In 1910 the brand's founder, Henry Fredrick Stanley Morgan, placed the success of his company on a three-wheeled automobile. The iconic vehicle gained popularity with the public and the racing community for decades until postwar steel shortages in 1950 halted production.
After a six-decade hiatus, Morgan announced a return to its roots by unveiling a new three-wheeler in 2010 that's primed for the modern motoring age. Finding one of these special open-wheeled oddities stateside isn't an easy task.
Units bound for the U.S. leave Morgan's Malvern, England, factory and head to one of ten authorized U.S. dealers. One such destination is Northshore Sportscars in Lake Bluff. At first glance, the nostalgia-inducing vehicle looks part vintage motorcycle and part World War II fighter plane with some go-cart influences thrown in.
Power comes from a 2.0-liter V-Twin motorcycle engine sourced from Wisconsin-based S&S Cycle. Output is rated at 90 horsepower, propelling the 1,200-pound machine to an estimated zero-to-60 time of six seconds and a maximum speed of 115 mph.
Five forward gears are selected with a Mazda MX-5 five-speed manual transmission, which turns the single rear wheel through a belt drive setup. Morgan utilized actual wood pieces in the construction of the original three-wheeler's frame and this new version follows that construction pattern.

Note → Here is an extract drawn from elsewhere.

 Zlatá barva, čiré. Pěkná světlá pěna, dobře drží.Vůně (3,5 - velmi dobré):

Underneath the sleek aluminum body are lightweight framing components made of Old English ash lumber.
With no roof or doors, entering the low-slung vehicle is easy in theory, but in practice requires gymnast-like flexibility to avoid the exposed side-mounted exhaust pipes. Inside the cabin, or more appropriately called cockpit, you'll find pleated leather upholstery with aircraft-style gauges and milled aluminum toggle switches.

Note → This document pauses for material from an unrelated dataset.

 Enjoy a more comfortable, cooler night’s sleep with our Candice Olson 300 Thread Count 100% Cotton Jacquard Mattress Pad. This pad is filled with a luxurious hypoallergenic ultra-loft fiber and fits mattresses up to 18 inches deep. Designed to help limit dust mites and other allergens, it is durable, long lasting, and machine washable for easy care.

Ignition is achieved by turning the key and lifting a bomb-release styled, flip-cover switch. Creature comforts are limited other than additional padding along the sides. Interior storage consists of the passenger foot well. Additional storage can be found under the rear hatch cover, which lifts off and is sufficient for an overnight bag or two.
Practical, no, but this revamped three-wheeler is about one thing and one thing only: making driving fun.
Norb Bries, owner of Northshore Sportscars, has spent considerable time behind the wheels of these unique vehicles and can attest to its greatest attribute.
"It delivers an unmatched, full wind-in-your-face motoring experience. The motorcycle engine has this great sound, which can be clearly heard when going down the road," he said. "Even with two occupants, the car is very sporty and very stable at both low and high speeds."
While a standard car is available, every three-wheeler can be customized to suit a buyer's specific tastes. Ten standard colors are available along with several special metallic options. For those wishing to complete the vintage aircraft look, several graphic packages are available, complete with faux bullet holes, fighter plane shark fuselage graphics and pinup girl nose art.
Optional equipment ranges from polished roll hoops, cowl and headlight buckets to black exhaust pipes and shields to a Mohair tonneau cover for rainy day drives.
Automakers are periodically reviving storied nameplates but rarely do you see a commitment to stay this true to the original product.
With it's vintage vibe, reliable powertrain components and grin-producing capabilities, this three-wheeler is the perfect ride for any winding road enthusiast who wants to celebrate the past while looking to the future.